BAB II GAMBARAN UMUM
2.1 Sejarah Desa Parbutaran
Menurut sejarah dahulu kala sekitar tahun 1800-an ada seorang yang bernama Mandis Purba yang berasal dari Pematang Raya ke daerah yang
sekarang disebut Parbutaran. Kedatangan Tuan Mandis ke daerah tersebut dikarenakan perkelahiannya dengan saudara tirinya sehingga Tuan Mandis
memutuskan untuk pergi ketempat lain untuk mencari rotan dan damar. Akhirnya sampailah beliau ke daerah yang sekarang bernama Parbutaran.
Ketika Tuan Mandis masuk ke daerah tersebut beliau membuat rumah yang beratapkan bambu atap butar.
Lambat laun Tuan Mandis Purba pun mengajak kawan-kawannya yang bermarga Saragih, Sinaga, Sitorus dan Manurung untuk datang ke
daerah tersebut dan orang-orang mulai memanggil daerah tersebut dengan Parbutaran asal mula atap bambu = butar. Awal mula dibentuknya
Parbutaran terdiri dari anak kampung Halagoi sekarang kampung Lalang, Batu Hopit, Turunan, Marihat Tanjung sekarang Tanjungan, Butar Lembu
sekarang Marihat Butar. Pada zaman dulu Parbutaran disebut kerajaan dengan Tuan Mandis
sebagai rajanya. Tuan Mandis sangat suka berkawan sehingga beliau sangat senang kalau di Parbutaran banyak orang sehingga pada masa penjajahan
Belanda Tuan Mandis sering mengajak orang Jawa yang bekerja dengan Belanda untuk tinggal di Parbutaran. Orang Jawa pun banyak yang
melarikan diri ke Parbutaran dan Belanda tidak akan berani mengambil
Universitas Sumatera Utara
kembali orang yang lari ke Parbutara Karena takut pada Tuan Mandis. Barang siapa yang sudah menetap di Parbutaran maka tidak akan ada yang
berani mengusiknya karena mitosnya Tuan Mandis ini mempunyai kekuatan gaib sehingga orang Belanda pun tidak berani.

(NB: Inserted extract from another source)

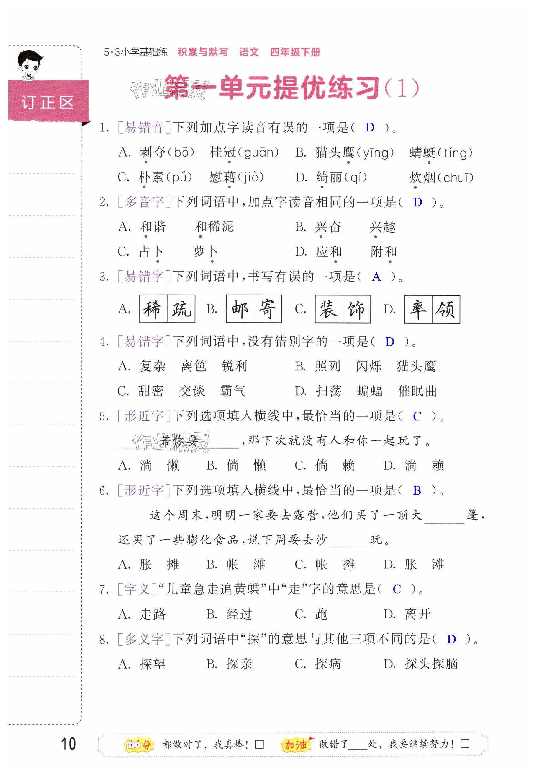 注:目前有些书本章节名称可能整理的还不是很完善,但都是按照顺序排列的,请同学们按照顺序仔细查找。练习册 2024年积累与默写首都师范大学出版社四年级语文下册人教版 答案主要是用来给同学们做完题方便对答案用的,请勿直接抄袭。

Tapi ada 1 hal yang menarik, Tuan Mandis hanya menerima orang Simalungun dan orang Jawa untuk menetap di Parbutaran karena orang
Jawa dianggap sebagai orang yang patuh sehingga ada sebutan Pak enggeh untuk orang Jawa yang artinya
“Pak iya”. Di luar kedua suku bangsa itu tidak akan diterima masuk ke
Parbutaran. Tuan Mandis menganggap orang suku Jawa itu baik. Setiap orang yang mau memasuki Parbutaran harus melapor terlebih dahulu pada
Tuan Mandis dan apabila tidak melapor atau diam-diam masuk akan diberi sangsi dan apabila tetap tidak mau pergi maka resikonya akan bertarung
dengan salah seorang warga Parbutaran dan biasanya akan berakhir dengan kematian dan itu sudah terjadi sekitar 5 kali.
Pada tahun 1920 Tuan Mandis pun meninggal dan kemudian posisinya digantikan oleh anaknya yang bernama Imbang Purba. Setelah
merdeka maka Parbutaran menjadi sebuah Kelurahan dan pada masa orde baru ada peraturan yang mengatakan apabila di suatu wilayah sudah ada 400
kepala keluarga maka harus dibuat sebuah Desa sehingga jadilah Desa Parbutaran dan terpisah dari Marihat Butar.